American academic administrator (1929–2020)

Arnold Robert Weber (September 20, 1929 – August 20, 2020) was an American economist and academic administrator who was president of Northwestern University from 1985 to 1994. His tenure at Northwestern was marked by stabilizing the university's finances and enhancing the campus environment.

==Biography==
Weber was born to a Jewish family in 1929 in The Bronx. His father worked as an electrician.

Weber graduated from the University of Illinois in 1950 with a bachelor's degree in economics. He next completed two advanced degrees in economics, an M.A. in 1952 at Illinois and Ph.D. in 1958 at the Massachusetts Institute of Technology (MIT). His doctoral thesis was The International Chemical Workers Union: a case study in structural adjustment. From 1952 to 1954, Weber served in the United States Coast Guard prior to enrolling at MIT.

At the beginning of his career, Weber was a professor, first at MIT (1957–58), followed by University of Chicago (1958-1973). He then went to Carnegie Mellon University, where he served first as Dean of the Graduate School of Industrial Administration (1973–77), and then as provost and professor until 1980. In 1980, he became President of the University of Colorado, where he served until 1984.
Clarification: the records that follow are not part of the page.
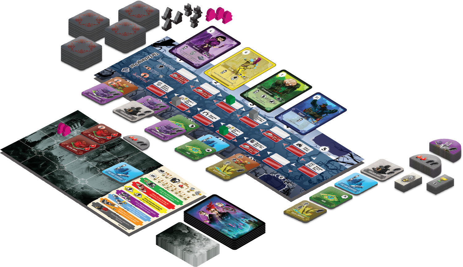 Your specialists also provide special scoring conditions that add exciting variety! Players will also be competing to develop innovations, find artifacts, and build castles and train stations to make their cities even more attractive to the rising vampire population.
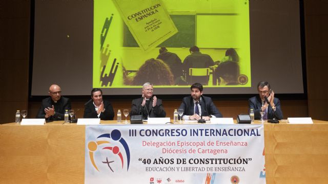 El jefe del Ejecutivo regional, Fernando López Miras, asistió hoy en el Auditorio y Centro de Congresos Víctor Villegas de Murcia al acto de apertura del III Congreso Internacional '40 años de la Constitución. Educación y Libertad de Enseñanza', donde destacó que "desde aquel 6 de diciembre de 1978 se forjó en España el más amplio marco de libertades y derechos de los que jamás se había disfrutado".
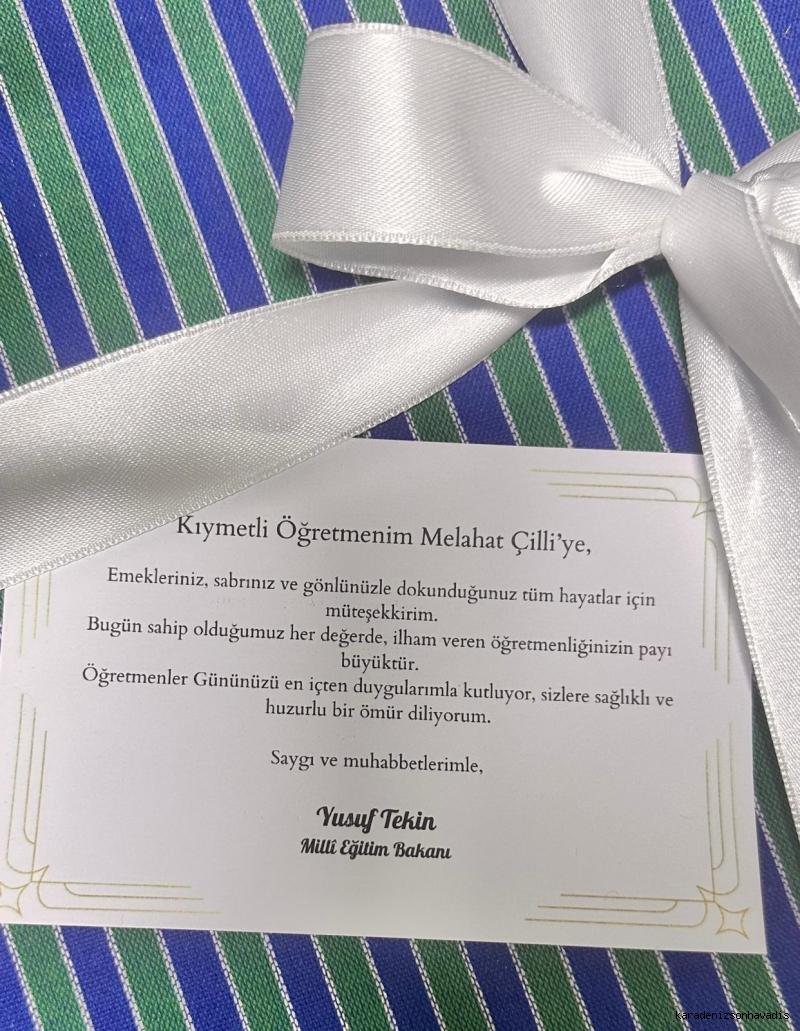 Ziyarette, Bakanının selamları ve hediyeleri takdim edilerek Melahat öğretmenimizin Öğretmenler Günü Bakan adına en içten dileklerle kutlandı.
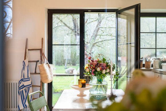 庭を眺める、玄関正面のキッチン。季節の花、かごバッグ、ストライプのエプロンなど、置かれてあるもののひとつひとつに美が宿る。

His non-university experience includes serving as president of the Civic Committee of The Commercial Club of Chicago, the leading business and civic organization in the metropolitan area, from 1995-1999.

Prior to and during his tenure at Northwestern, Weber served on the boards of many corporations including Burlington Northern Santa Fe Inc., PepsiCo Inc., Tribune Co., John Deere & Company, Aon Corp. and Inland Steel.

During his career, he served as a member of the faculty at the Graduate School of Business at the University of Chicago and as a presidential appointee and economic adviser in the federal government.

He has been inducted into the National Academy of Arbitrators and the National Academy of Public Administration, is a Laureate of The Lincoln Academy of Illinois and a member of the Academy of Arts and Sciences.

Weber is the author of eight books, as well as numerous monographs and articles on economic policy, industrial and labor relations, and higher education.